临出发前两天,好友习微来家里吃晚饭,难得碰上日理万机堪比太上皇的不着家的郁司礼。
俩人在长辈面前扮演温顺乖乖女,晚上在郁和房间,习微打开ipad递过去:“马上出发了你还没说?你打算跟你小叔玩先斩后奏?”
屏幕上是一套完整且相对chill的度假计划表。
郁和一向不喜欢攻略,不喜欢将度假这事条分缕析地罗列在一张方方正正的纸张上,而况她们找了地陪。但习微非要她过目。
“我腿都这样了跟他说我要出国?他很精的。”
“难道你打算一直这么装瘸下去?郁和,刚刚在餐厅你忘了好几次。”她都看到了也看出来了,不信她小叔看不出来。
“至少他现在没赶我走,”提及此,郁和颇有些被逼上梁山的感触,“我跟他有约在先,痊愈就得搬回老宅,我爸马上回国,没多长时间剩给我。”
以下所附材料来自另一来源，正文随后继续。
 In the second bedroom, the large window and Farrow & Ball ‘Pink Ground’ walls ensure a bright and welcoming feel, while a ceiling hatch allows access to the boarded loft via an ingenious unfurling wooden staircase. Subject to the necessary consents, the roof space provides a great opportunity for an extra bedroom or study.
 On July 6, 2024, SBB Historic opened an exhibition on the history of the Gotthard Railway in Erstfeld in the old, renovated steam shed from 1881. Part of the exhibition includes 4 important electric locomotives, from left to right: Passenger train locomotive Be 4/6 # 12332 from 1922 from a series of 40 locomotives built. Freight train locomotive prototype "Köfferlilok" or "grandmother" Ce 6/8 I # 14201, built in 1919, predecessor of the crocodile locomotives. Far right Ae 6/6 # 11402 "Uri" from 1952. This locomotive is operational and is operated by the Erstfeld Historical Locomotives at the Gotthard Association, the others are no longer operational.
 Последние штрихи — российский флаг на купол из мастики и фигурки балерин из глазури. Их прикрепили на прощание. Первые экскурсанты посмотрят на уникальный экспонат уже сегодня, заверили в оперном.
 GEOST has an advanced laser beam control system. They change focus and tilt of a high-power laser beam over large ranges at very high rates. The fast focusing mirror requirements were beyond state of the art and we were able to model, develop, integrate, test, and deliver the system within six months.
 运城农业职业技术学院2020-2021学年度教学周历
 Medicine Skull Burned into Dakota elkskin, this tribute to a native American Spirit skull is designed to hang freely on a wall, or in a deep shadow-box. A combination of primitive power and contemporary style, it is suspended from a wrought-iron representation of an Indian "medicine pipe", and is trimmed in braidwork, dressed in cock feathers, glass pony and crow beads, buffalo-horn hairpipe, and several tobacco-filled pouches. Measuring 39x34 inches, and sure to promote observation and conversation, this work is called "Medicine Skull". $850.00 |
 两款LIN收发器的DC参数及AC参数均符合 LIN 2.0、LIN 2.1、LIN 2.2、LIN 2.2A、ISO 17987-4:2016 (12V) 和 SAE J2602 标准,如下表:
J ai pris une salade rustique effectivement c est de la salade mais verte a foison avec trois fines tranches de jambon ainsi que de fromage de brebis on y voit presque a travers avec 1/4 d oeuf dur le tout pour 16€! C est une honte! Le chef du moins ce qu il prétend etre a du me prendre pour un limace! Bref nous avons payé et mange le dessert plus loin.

“所以你想在你爸回国之前,让你小叔主动愿意留下你,并且为你跟他亲哥对抗?”
“嗯嗯。”
这无疑是个宏大的愿景,习微敬佩她的野心,问:“ok,那万一有一天……你爸和你小叔之间你选谁?”
郁和不假思索:“小叔叔。”
“……”
沉默片刻。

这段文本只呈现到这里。